The Internet Revolution was founded on open systems; an open system is one whose software you can look at, a box you can unwrap and play with. It's not about secret binaries or crippleware or brother-can-you-spare-a-dime shareware. If everyone always had hidden software, you wouldn't have 1/100th the useful software you have right now.
And you wouldn't have Perl.
-- Tom Christiansen

Overview

If you have been following this series, you now have a few tools - perhaps you've even experimented with them - which can be used to build scripts. So, this month we're going to take a look at actually building some, particularly by using the "open" function which allows us to assign filehandles to files, sockets, and pipes. "open" is a major building block in using Perl, so we'll give it a good long look.

Excercises

Last time, I mentioned writing a few scripts for practice. Let's take a look at a few possible ways to do that.

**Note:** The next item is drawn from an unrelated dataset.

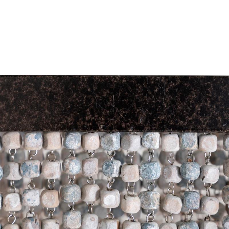 The Linear Etienne Chandelier captivates with its artful arrangement of wooden beads, featuring a blend of antique white, dusty slate, and rust finishes. Handpainted square wooden beads in shades of antique white and dusty slate cascade in aligned layers, creating a look reminiscent of the glamorous beaded flapper dresses of the 1920s. This chandelier adds a sophisticated and enchanting touch to any space.

The first one was a script that would take a number as input, and print "Hello!" that many times. It would also test the input for illegal (non-numeric) characters. Here is a good example, sent in by David Zhuwao:

#! /usr/bin/perl -w
#@author David Zhuwao
#@since Apr/19/'01
print "Enter number of times to loop: ";
#get input and assign it to a variable.
chomp ($input = <>);
# check the input for non-numeric characters.
if ($input !~ m/\D/ && length($input) > 0) {
    for ($i = 0; $i < $input; $i++) {
        print "Hello!\n";
    }
} else {
    print "Non-numeric input.\n";
}

First, to point out good coding practices: David has used the "-w" switch so that Perl will warn him if there are any compile-time warnings - an excellent habit. He has also used whitespace (blank lines and tabs) effectively to make the code easy to read, as well as commenting it liberally. Also, rather than checking for the presence of a number (which would create a problem with input like "1A"), he is testing for non-numerical characters and a length greater than zero - good thinking!

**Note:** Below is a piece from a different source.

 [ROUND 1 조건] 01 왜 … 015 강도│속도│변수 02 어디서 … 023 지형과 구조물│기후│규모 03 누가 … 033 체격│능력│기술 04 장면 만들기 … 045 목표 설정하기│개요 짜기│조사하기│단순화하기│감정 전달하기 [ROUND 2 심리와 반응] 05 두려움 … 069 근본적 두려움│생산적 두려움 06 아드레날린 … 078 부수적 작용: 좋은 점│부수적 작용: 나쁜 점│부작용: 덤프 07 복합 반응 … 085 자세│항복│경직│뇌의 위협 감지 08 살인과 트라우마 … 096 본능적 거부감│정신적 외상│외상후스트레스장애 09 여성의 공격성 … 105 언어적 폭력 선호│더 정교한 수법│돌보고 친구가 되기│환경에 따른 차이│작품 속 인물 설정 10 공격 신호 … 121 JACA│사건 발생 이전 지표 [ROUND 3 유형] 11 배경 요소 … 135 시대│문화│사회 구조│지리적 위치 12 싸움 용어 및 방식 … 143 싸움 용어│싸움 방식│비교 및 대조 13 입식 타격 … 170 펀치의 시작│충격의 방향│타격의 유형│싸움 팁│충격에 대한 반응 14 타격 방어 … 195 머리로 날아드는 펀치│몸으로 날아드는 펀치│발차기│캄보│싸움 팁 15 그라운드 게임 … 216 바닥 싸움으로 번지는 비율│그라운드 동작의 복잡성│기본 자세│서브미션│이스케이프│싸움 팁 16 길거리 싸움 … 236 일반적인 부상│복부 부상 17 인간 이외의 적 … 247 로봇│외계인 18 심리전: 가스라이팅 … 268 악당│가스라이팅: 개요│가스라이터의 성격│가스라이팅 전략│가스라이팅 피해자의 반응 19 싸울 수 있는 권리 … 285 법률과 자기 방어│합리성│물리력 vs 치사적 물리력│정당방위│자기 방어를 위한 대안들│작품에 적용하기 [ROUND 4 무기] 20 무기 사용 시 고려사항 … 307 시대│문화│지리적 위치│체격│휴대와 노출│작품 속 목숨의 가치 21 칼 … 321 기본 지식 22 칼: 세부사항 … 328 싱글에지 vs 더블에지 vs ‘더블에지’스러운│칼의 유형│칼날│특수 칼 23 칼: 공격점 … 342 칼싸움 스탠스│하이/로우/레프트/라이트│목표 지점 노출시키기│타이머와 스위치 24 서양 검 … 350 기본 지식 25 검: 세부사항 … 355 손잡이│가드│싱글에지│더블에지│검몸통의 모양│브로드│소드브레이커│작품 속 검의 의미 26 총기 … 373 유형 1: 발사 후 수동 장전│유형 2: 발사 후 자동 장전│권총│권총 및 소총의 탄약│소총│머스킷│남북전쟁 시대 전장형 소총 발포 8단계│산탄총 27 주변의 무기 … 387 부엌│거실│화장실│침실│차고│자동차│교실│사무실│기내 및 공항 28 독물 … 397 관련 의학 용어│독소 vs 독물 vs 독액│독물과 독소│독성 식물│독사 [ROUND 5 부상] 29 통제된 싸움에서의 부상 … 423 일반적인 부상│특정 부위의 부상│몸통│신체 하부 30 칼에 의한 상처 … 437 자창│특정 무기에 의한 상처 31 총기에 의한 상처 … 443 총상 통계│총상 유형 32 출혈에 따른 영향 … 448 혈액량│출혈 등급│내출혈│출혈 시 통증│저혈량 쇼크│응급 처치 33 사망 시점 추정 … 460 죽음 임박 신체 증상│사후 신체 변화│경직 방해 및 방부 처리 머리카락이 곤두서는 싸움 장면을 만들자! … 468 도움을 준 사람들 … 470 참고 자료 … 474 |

Minor points (note that none of these are problems as such, simply observations): in using the match operator, "m//", the "m" is unnecessary unless the delimiter is something other than "/". As well, the Perl "for/foreach" loop would be more compact than the C-like "for" loop, while still fulfilling the function:

print "Hello!\n" for 1 .. $input;

It would also render "$i" unnnecessary. Other than those minor nits - well done, David!

Here's another way:

#!/usr/bin/perl -w
print "Please enter a number: ";
chomp ( $a = <> );
print "Hello!\n" x $a if $a =~ /^\d+$/;

Unlike David's version, mine does not print a failure message; it simply returns you to the command prompt if the input is not numeric. Also, instead of testing for non-numerical characters, I'm testing the string from its beginning to its end for only numerical content. Either of these techniques will work fine. Also, instead of using an explicit loop, I'm using Perl's "x" operator, which will simply repeat the preceding print instruction "$a" times.

...And, One More Time...

Let's break down another one, the second suggestion from last month: a script that takes an hour (0-23) as input and says "Good morning", "Dobriy den'", "Guten Abend", or "Buenas noches" as a result (I'll cheat here and use all English to avoid confusion.)

#!/usr/bin/perl -w
$_ = <>;
if    ( /^[0-6]$/          )   { print "Good night\n";     }
elsif ( /^[7-9]$|^1[0-2]$/ )   { print "Good morning\n";   }
elsif ( /^1[3-8]$/         )   { print "Good day\n";       }
elsif ( /^19$|^2[0-3]$/    )   { print "Good evening\n";   }
else                           { print "Invalid input!\n"; }

On the surface, this script seems pretty basic - and, really, it is - but it contains a few hidden considerations that I'd like to mention. First, why do we need the "beginning of line" and "end of line" tests for everything? Obviously, we want to avoid confusing "1" and "12" - but what could go wrong with /1[3-8]/?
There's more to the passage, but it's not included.